In case of intolerability to dabigatran etexilate, patients should be instructed to immediately consult their treating physician in order to be switched to alternate acceptable treatment options for prevention of stroke and systemic embolism associated with atrial fibrillation or for DVT/PE.

Assessment of renal function prior to and during dabigatran etexilate treatment 
In all patients and especially in the elderly (>75 years), as renal impairment may be frequent in this age group:
•      Renal function should be assessed by calculating the creatinine clearance (CrCL) prior to initiation of treatment with dabigatran etexilate to exclude patients with severe renal impairment (i.e. CrCL <30 mL/min) (see sections 4.3, 4.4 and 5.2).
•      Renal function should also be assessed when a decline in renal function is suspected during treatment (e.g.
hypovolaemia, dehydration, and in case of concomitant use of certain medicinal products).

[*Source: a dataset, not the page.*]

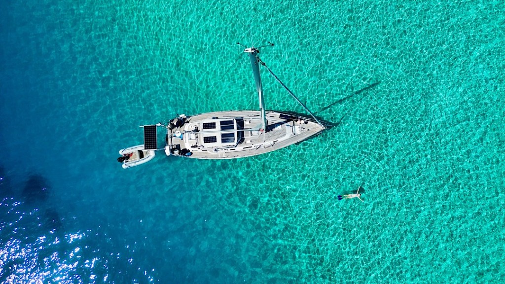 Insgesamt haben wir theoretisch 830 Wattpeak an Solar, davon 430 durch das große Panel auf den Davits an Floras Heck.
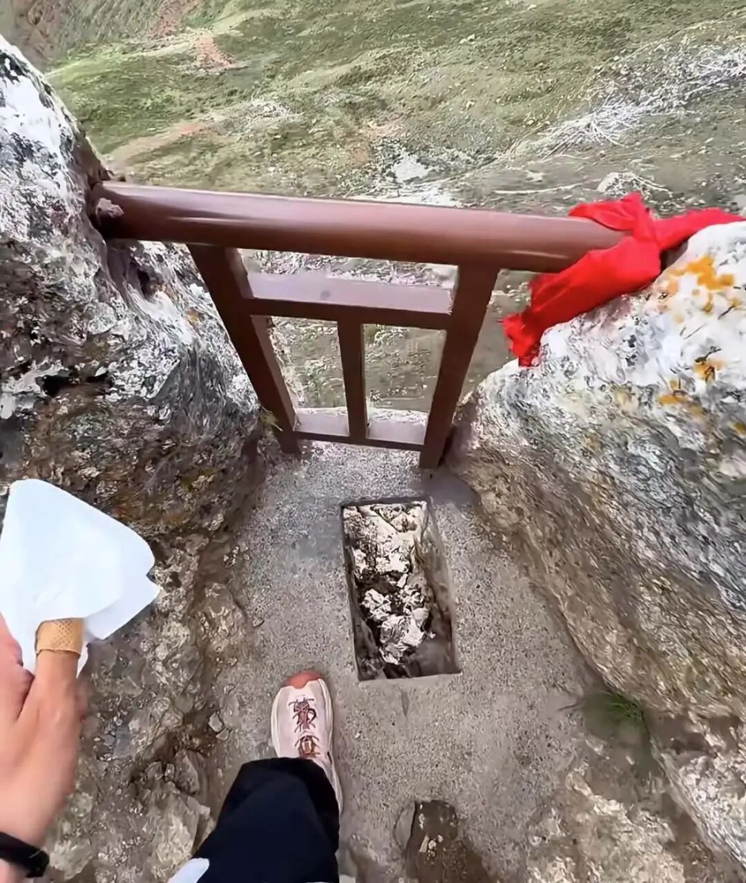 还有更不一样的,如厕在山上,脚下就是深不见底的山谷。

Additional requirements in patients with mild to moderate renal impairment and in patients aged over 75 years:
•     Renal function should be assessed during treatment with dabigatran etexilate at least once a year or more frequently as needed in certain clinical situations when it is suspected that the renal function could decline or deteriorate (e.g.
hypovolaemia, dehydration, and in case of concomitant use of certain medicinal products).

The method to be used to estimate renal function (CrCL in mL/min) is the Cockcroft-Gault method.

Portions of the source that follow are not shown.